Optimization is holistic, it’s a complete experience, so zoom out and look at the bigger picture from time to time and consider how everything functions together, not just individually. For example, it’s important to remember too the order of operations matters as much as the operation itself so don’t discredit changing the order as a tool toward optimizing and not just the components of the operation itself. You can optimize the account creation flow all you want but if it’s in the wrong spot within the entire onboarding it’ll never work as best as it should.
Finally, typically, only a subset of your engaged users (players) are monitizable (become payers) in a free-to-play, IAP driven app, so it’s important to take a view on how your onboarding will influence this transition as well. Since most payers will make their first purchase early in their lifetime the first use experience can help set up the expectation that paying is part of the app’s core functionality. Knowing it’s only a small percentage that will respond to this call to action finding the right balance between converting players early while not losing non-monitizable but still valuable users is key.

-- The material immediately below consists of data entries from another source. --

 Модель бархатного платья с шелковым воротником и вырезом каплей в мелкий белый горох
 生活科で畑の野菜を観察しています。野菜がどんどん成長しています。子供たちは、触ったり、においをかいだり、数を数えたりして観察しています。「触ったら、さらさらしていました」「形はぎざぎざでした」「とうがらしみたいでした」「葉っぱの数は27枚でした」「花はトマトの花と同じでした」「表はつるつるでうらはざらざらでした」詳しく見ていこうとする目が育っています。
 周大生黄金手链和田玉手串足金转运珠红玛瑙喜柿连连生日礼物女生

For example, an evangelical social sharer who might be lowering your CPI or in a competitive game a heavy challenge initiator who is driving the engagement ecosystem and both could be soured to being evangelical or being heavy challenge initiators if you drive the pay-to-play point too hard too early.
Obviously, if your monetization strategy or consumer base is different you’ll have to modify how you are viewing monetization in the onboarding. We leave it till last because it’s not a direct driver of conversion to paying for most of our apps but it’s quite possible if you’re a mature app further along in your lifecycle or a very aggressive new app in the beta phase maybe montizatin is front-and-center in your business objective.

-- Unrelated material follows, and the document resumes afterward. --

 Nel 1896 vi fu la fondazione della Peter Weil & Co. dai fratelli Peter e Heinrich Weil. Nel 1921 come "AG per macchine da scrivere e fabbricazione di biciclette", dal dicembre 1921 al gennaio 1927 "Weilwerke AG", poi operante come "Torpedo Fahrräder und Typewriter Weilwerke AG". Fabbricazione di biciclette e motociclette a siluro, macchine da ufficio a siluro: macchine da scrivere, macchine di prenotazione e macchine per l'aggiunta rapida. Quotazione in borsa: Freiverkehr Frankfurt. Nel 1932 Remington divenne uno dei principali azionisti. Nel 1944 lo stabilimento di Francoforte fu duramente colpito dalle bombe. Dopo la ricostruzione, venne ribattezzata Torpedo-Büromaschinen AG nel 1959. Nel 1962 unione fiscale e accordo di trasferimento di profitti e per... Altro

Just because you optimized it once doesn’t mean you’re done. Your app is not static in the market place and onboarding, like everything else, requires constant tuning. This can happen for three main reasons:
External factors such as changes by the competition, though regulation and within distribution channels can all influence the need to re-optimize. Constantly evaluate all of these and be proactive in making changes. Subscribing to the ‘if it’s not broke don’t fix it’ mentality can leave you too reactionary to many of these outside sources .
Internal factors such as the natural progression in app lifecycle and adjusting business objectives will also influence your need to continuously adjust your onboarding approach. Know what the signs are for an app moving to a new life stage or that the business objective may be shifting and propose tests to help move onboarding into an aligning path rather than waiting until after these things happen and seeing your metrics tank.

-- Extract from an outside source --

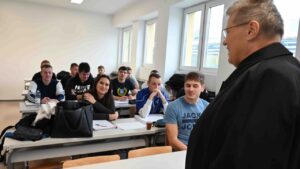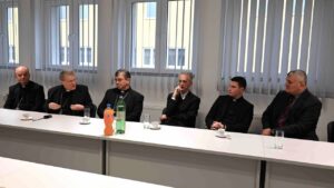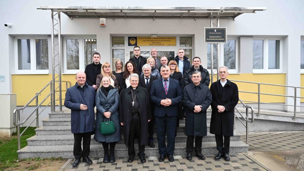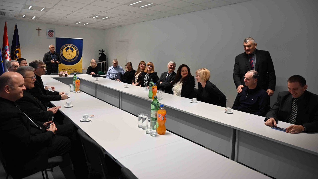 SLAVONSKI BROD (TU) – Đakovačko osječki nadbiskup i metropolit Đuro Hranić, požeški biskup Ivo Martinović, srijemski biskup Fabijan Svalina i pomoćni đakovačko-osječki biskup Ivan Ćurić pohodili su u srijedu, 3. prosinca 2025. Sveučilište u Slavonskom Brodu, najmlađe javno sveučilište u Hrvatskoj.

And, on that last point, watch your metrics closely in general as changes in the feature set, in the customer’s being acquired, etc. should be immediate be evident in the onboarding KPI. If you know you’re going to be changing features or changing acquisition targets put on a parallel path the appropriate changes to onboarding and then measure the results in parallel. If you’re not sure, have a series of tests ready and test them post-script to work toward full optimization.